Irrespectively, parallel plans should be made for the eventual situation that the UP system needs to proceed without the UK. Even a small UP system, without the UK, provides for a better and more efficient patent protection system than the existing system.’
When do you expect it will be clear what is going to happen?
‘When we talk about the Unitary Patent system, we talk about an ongoing process that has just been stocked with a lot of new variables. The prepared path to the establishment of the UP system might not exist anymore and at the very least, the Brexit vote has shook up the existing timetable.

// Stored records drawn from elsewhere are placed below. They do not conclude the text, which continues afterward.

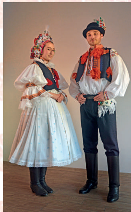
Rekonstrukce ostrožského kroje podle muzejních sbírek z let kolem 1890.

Slovem imitace označujeme nápodobu něčeho, připodobnění nějaké věci k jiné věci. Imitace se může realizovat i v oblasti hotovení napodobeniny krojového oděvu, který už není krojem, ale má vzbuzovat tento dojem. Jedná se o nápodobu původní předlohy s imitováním a zjednodušováním ve všech stavebních prvcích a detailech, včetně možné deformace stavebních prvků původní předlohy, případně vzniká bez ní a je výsledkem osobité představy autora.
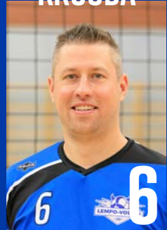
KT | s. 1986 | 200 cm
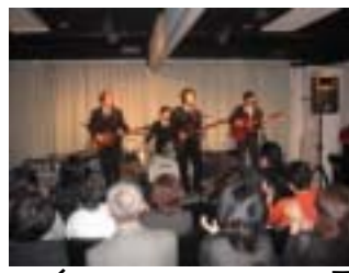
12月2日「楽々ホールで開催したチャダンゴライブの会場写真」
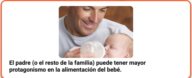
El padre (o el resto de la familia) puede tener mayor protagonismo en la alimentación del bebé.

Da más libertad de movimiento a la madre ya que puede salir de casa sin estar pendiente del horario y otra persona puede darle el biberón
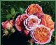
Mary Ann 2012 Rosen Tantau
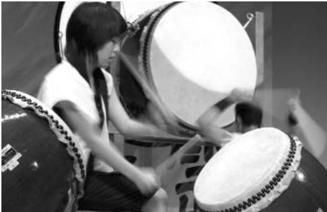
▲ ダイナミックな腕振りや早打ち…。様々なバチさばきも太鼓ならではの魅力です
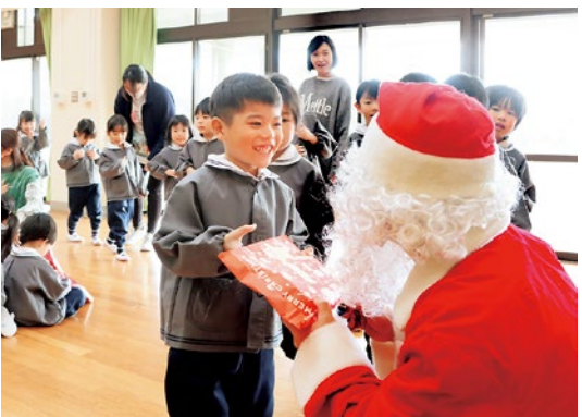
サンタさんからのクリスマスプレゼントに笑顔が溢れる

くにみ幼稚園で12月18日、12月生まれの園児たちの誕生日会の後、サプライズでサンタクロースが登場しました。赤い衣装のサンタさんが姿を見せると、園内は歓声に包まれ、園児たちは目を輝かせて大喜び。サンタさんから園児一人ひとりに、一足早いクリスマスプレゼントが手渡され、笑顔あふれるひとときになりました。
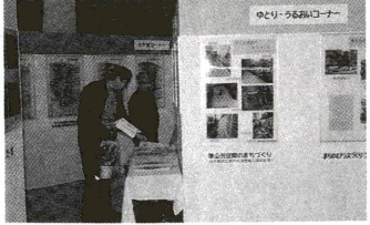
北千住C1シンポジウム 産業振興館 常盤新線を北千住のまちづくりにとど生かすか考えました。
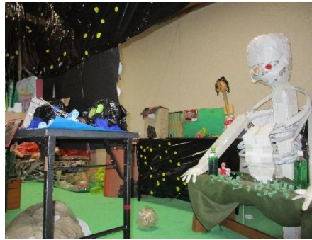
手作り妖怪倉庫が外江公民館に やってきた(育成保育園)
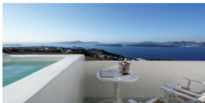
Terrasse mit Jacuzzi und Meerblick
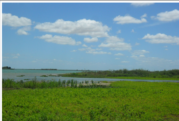
Imagem 38: Reservatório Itaparica margem direita, vegetação próxima ao ponto de travessia
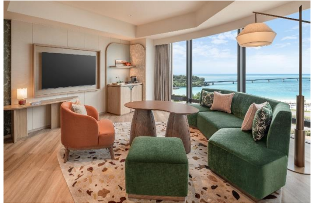
▲キングデラックススイート
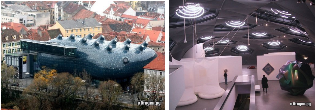
Рис. 6 Художній музей в місті Грац, Австрія. Архітектори Пітер Кук та Колін Фурньє
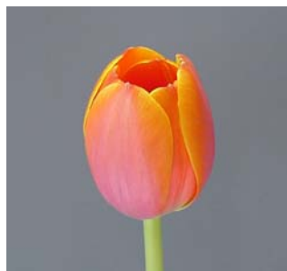
2 half open
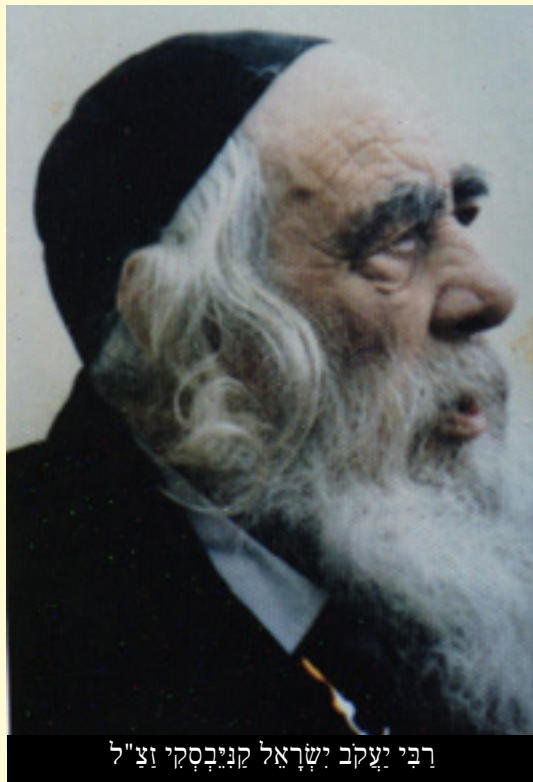
רבי יעקב ישראל קניבסקי זצ"ל
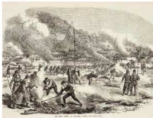
慶応の大火 『イラストレイテッド・ロンドン・ニュース』 1867年2月9日 横浜開港資料館蔵

安政6（1859）年の開港以降、火災を克服するため、横浜に暮らす人びとは試行錯誤を重ねながら防火体制を整えていきます。そして災害とむきあう「消防」は都市横浜に不可欠な存在となっていきました。本展示では、横浜市中消防署の誕生100周年を記念し、開港直後の町火消から戦後の自治体消防に至る横浜消防のあゆみをたどっていきます。
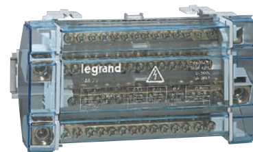
0 048 79

Подключение кабеля с/без кабельных наконечников Starfix Самозатухание при 750°C: 5с, при 960°C: 30с Установка на рейку DIN Оснащены держателем этикеток
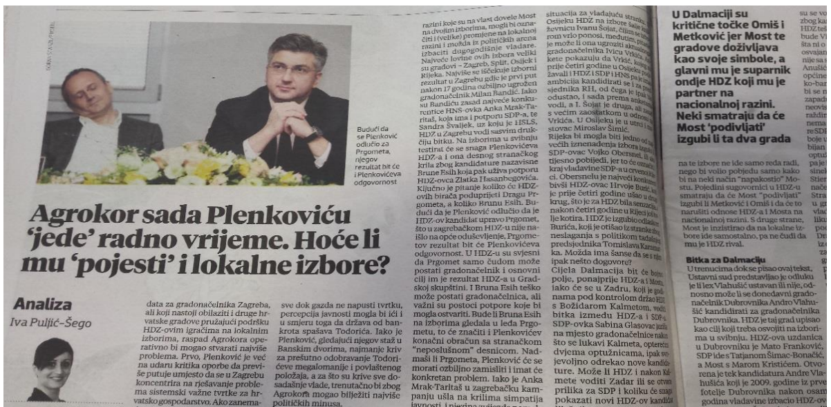
Ilustracija 3.4. Presnimka kolumne Ive Puljić-Šego u Večernjem listu

A lot will depend on the assessment of the UK government: Should they feel obligated to refrain from intensifying cooperation with the EU in the aftermath of the Brexit vote, we might see additional negotiations within the remaining EU members on how to replace the UK in the UP system. Should the UK signal that it would be willing to further participate in the UP system, much will depend on whether the EU will regard the UK’s participation in the UP system as cherry picking and thus not in line with the proclaimed hard stance in the Brexit negotiations.’